Accomplishments that we're proud of
We built a real, end-to-end pipeline where you can upload a lecture and instantly get it broken into structured episodes, open any episode and ask an AI tutor about that specific chunk, and even ask a question anonymously so the answer shows up for the whole class. The app actually feels like Netflix, not a boring LMS: dark theme, horizontal rows, hover effects, and a clear “Season / Episodes” vibe. We didn’t just build another chatbot, we used AI where it actually makes sense: to structure content into episodes, to tutor inside each episode, and to generate study aids, instead of just slapping a chatbox on top of everything. Most importantly, we designed it with introverted and anxious students in mind, giving them an anonymous Q&A channel that most tools simply ignore.
What we learned
We realized quickly that UX matters just as much as the AI behind it, powerful models feel useless if the interface is confusing, and the Netflix-style metaphor made the whole experience click instantly for people. We also had to practice strict scope control: we deliberately cut real video generation, full PPT export, and multi-course analytics so we could ship a clean, reliable demo that actually works end to end. Along the way, we saw how good prompts are basically half the product; tiny phrasing tweaks like “Return JSON ONLY in this format…” dramatically changed how often the AI behaved itself. And because this is an education tool, we had to respect real-world constraints: we focused on using only content that students or instructors are actually allowed to upload, and avoided any design that encourages sneaky lecture recordings. All of that shaped how we framed, built, and positioned BadgerFlix.

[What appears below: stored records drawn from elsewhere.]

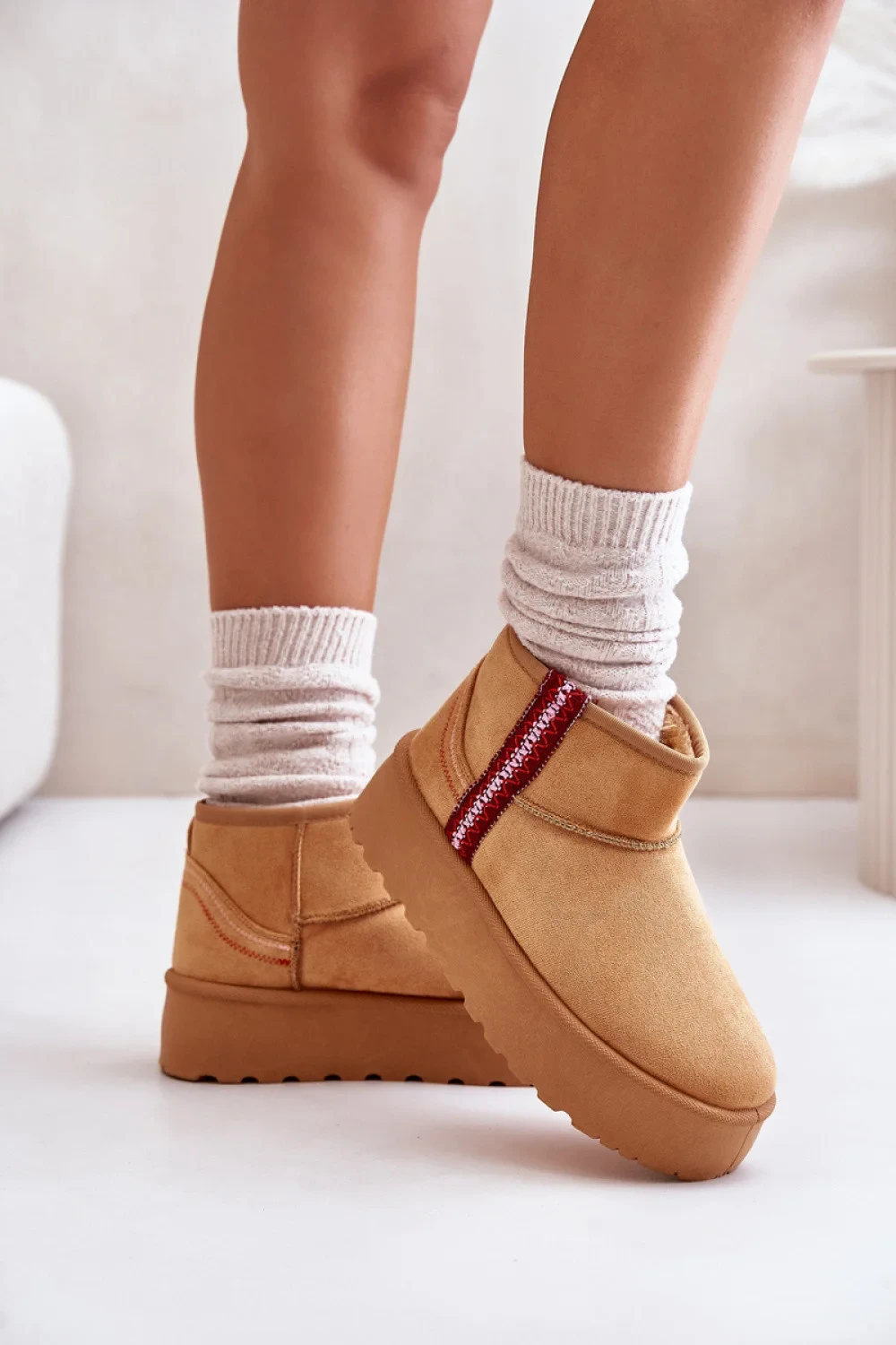 Dámské sněhule s módním vzorem na svršku. Vyplněné tlustým syntetickým kožíškem uvnitř. Vyrobené z ekologického semiše. Umístěné na masivní platformě z gumového materiálu. Svršek nad kotníkem. Ideální pro podzimně-zimní stylizace!
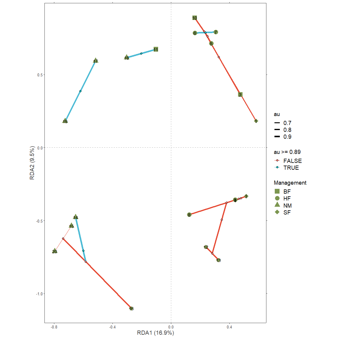 pvlong <- pvclust.long(dune.pv, cl.data1)With a similar methodology as available in ordicluster, higher clustering levels in the hierarchy can be removed via variable prune available from the results for nodes and branches.
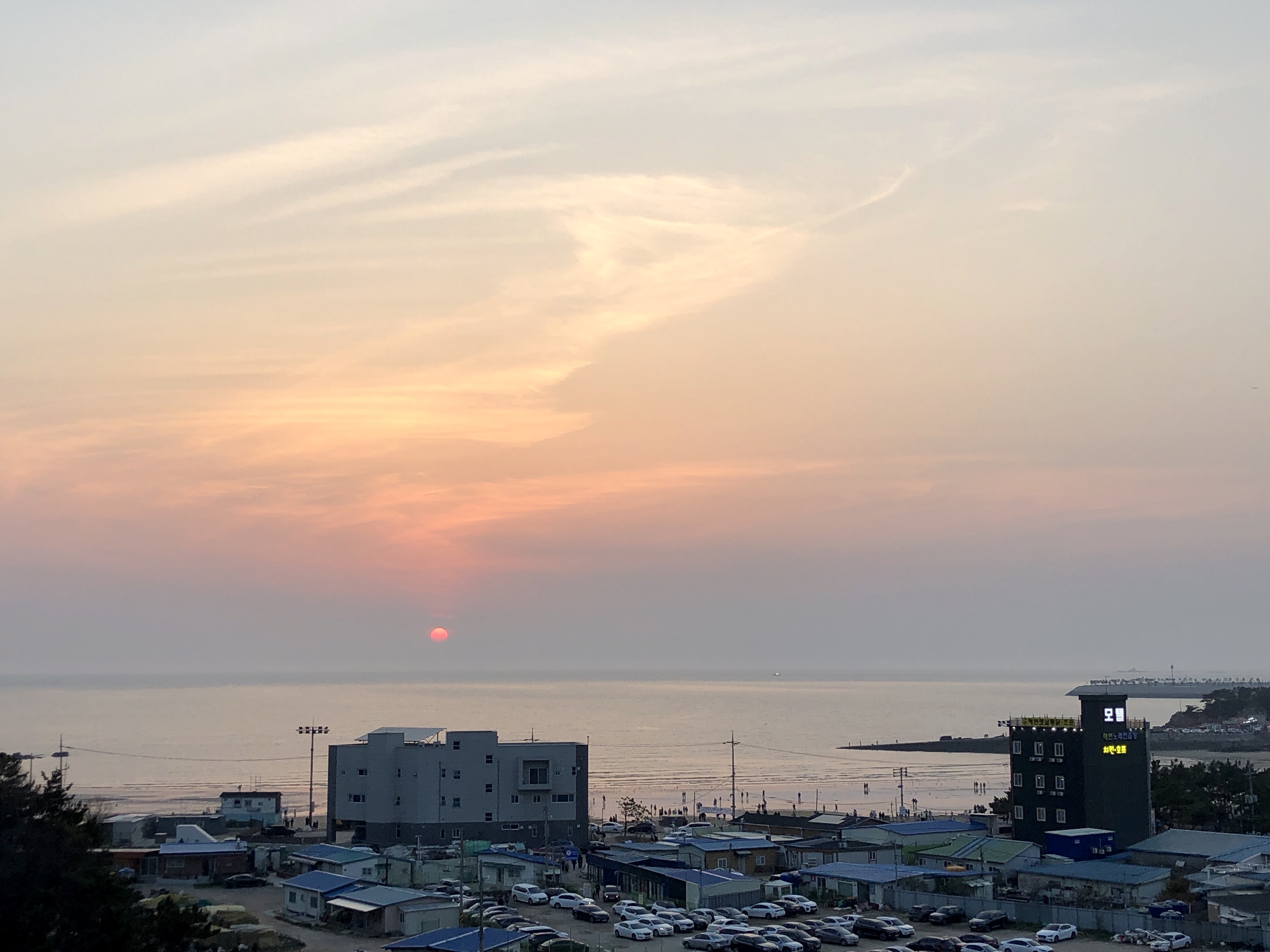 루프탑 카페에서 간식을 먹으며 휴식을 취하다가 서해바다의 일몰을 감상하였다.

What's next for BadgerFlix
In future, we would be using Trivi, which is a CNCF tool that detects known vulnerabilities in the image/video before deployment. We would love to add richer study tools like one-click flashcards for each episode, auto-generated quizzes, and downloadable “episode summary” PDFs or slide decks. We also want to integrate with real learning platforms like Canvas or Moodle, so instructors can send lectures directly to BadgerFlix and embed the generated episodes back into their LMS. Longer term, we see personalized learning paths: tracking what a student has watched, recommending the next episode or topic they’re weak on, and adapting quizzes based on their performance. On the instructor side, we’d like to ship better tools and analytics, things like seeing which episodes cause the most confusion, and automatic clustering of similar student questions so they can answer a whole “theme” at once instead of repeating themselves.